Progressive overload is considered[by whom?] the most important principle behind hypertrophy, so increasing the weight, repetitions (reps), and sets will all have a positive impact on growth. Some experts create complex plans that manipulate weight, reps, and sets, increasing one while decreasing the others to keep the schedule varied and less repetitive.

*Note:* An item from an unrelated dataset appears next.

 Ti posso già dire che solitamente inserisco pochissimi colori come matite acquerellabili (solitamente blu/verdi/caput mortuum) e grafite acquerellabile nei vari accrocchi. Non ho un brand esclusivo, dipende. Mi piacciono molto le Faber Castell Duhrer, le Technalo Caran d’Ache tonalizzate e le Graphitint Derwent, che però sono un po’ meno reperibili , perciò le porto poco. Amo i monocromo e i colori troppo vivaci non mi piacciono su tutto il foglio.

Main article: Anaerobic exercise
The best approach to specifically achieve muscle growth remains controversial (as opposed to focusing on gaining strength, power, or endurance); it was generally considered that consistent anaerobic strength training will produce hypertrophy over the long term, in addition to its effects on muscular strength and endurance. Muscular hypertrophy can be increased through strength training and other short-duration, high-intensity anaerobic exercises. Lower-intensity, longer-duration aerobic exercise generally does not result in very effective tissue hypertrophy; instead, endurance athletes enhance storage of fats and carbohydrates within the muscles, as well as neovascularization.

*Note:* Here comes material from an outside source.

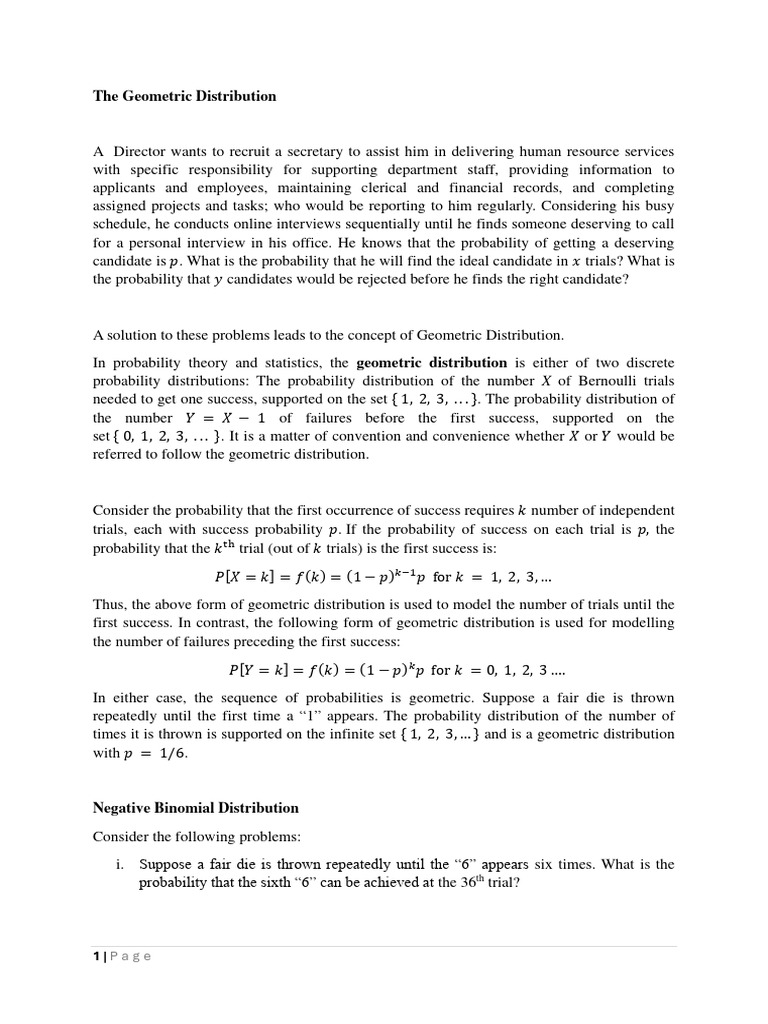 needed to get one success, supported on the set { 1, 2, 3, . . . }. The probability distribution of

Factors affecting hypertrophy
Several biological factors such as age and nutrition can affect muscle hypertrophy. During puberty in males, hypertrophy occurs at an increased rate. Natural hypertrophy normally stops at full growth in the late teens. An adequate supply of amino acids is essential to produce muscle hypertrophy. As testosterone is one of the body's major growth hormones, on average, males find hypertrophy much easier to achieve than females. Taking additional testosterone, as in anabolic steroids, will increase results. It is also considered a performance-enhancing drug, the use of which can cause competitors to be suspended or banned from competitions. Testosterone is also a medically regulated substance in most countries, making it illegal to possess without a medical prescription. Anabolic steroid use can cause testicular atrophy, cardiac arrest, and gynecomastia.

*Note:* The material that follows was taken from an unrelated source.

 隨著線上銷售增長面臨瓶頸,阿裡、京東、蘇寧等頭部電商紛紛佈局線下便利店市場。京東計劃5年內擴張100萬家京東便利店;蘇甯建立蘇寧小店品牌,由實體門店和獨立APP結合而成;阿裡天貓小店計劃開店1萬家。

Myofibrillar vs. sarcoplasmic hypertrophy
In the bodybuilding and fitness community and even in some academic books skeletal muscle hypertrophy is described as being in one of two types: Sarcoplasmic or myofibrillar. According to this hypothesis, during sarcoplasmic hypertrophy, the volume of sarcoplasmic fluid in the muscle cell increases with no accompanying increase in muscular strength, whereas during myofibrillar hypertrophy, actin and myosin contractile proteins increase in number and add to muscular strength as well as a small increase in the size of the muscle. Sarcoplasmic hypertrophy is greater in the muscles of bodybuilders while myofibrillar hypertrophy is more dominant in Olympic weightlifters. These two forms of adaptations rarely occur completely independently of one another; one can experience a large increase in fluid with a slight increase in proteins, a large increase in proteins with a small increase in fluid, or a relatively balanced combination of the two.